(Task data)
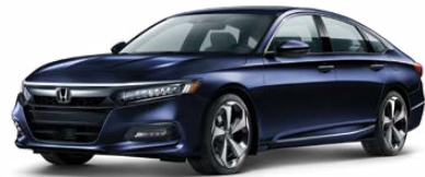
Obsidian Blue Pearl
(End Task data)
(Task data)
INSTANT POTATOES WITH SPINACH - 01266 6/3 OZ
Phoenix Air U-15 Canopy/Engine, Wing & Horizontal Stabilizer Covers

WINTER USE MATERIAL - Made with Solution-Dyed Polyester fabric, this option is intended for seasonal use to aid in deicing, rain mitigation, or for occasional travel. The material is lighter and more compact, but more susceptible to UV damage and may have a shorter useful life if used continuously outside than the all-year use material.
(End Task data)
Problem statement -
Go through the material above and output exactly the lines from the one containing "Phoenix Air U-15" through the one containing "WINTER USE MATERIAL".

Response to this exercise -
Phoenix Air U-15 Canopy/Engine, Wing & Horizontal Stabilizer Covers

WINTER USE MATERIAL - Made with Solution-Dyed Polyester fabric, this option is intended for seasonal use to aid in deicing, rain mitigation, or for occasional travel. The material is lighter and more compact, but more susceptible to UV damage and may have a shorter useful life if used continuously outside than the all-year use material.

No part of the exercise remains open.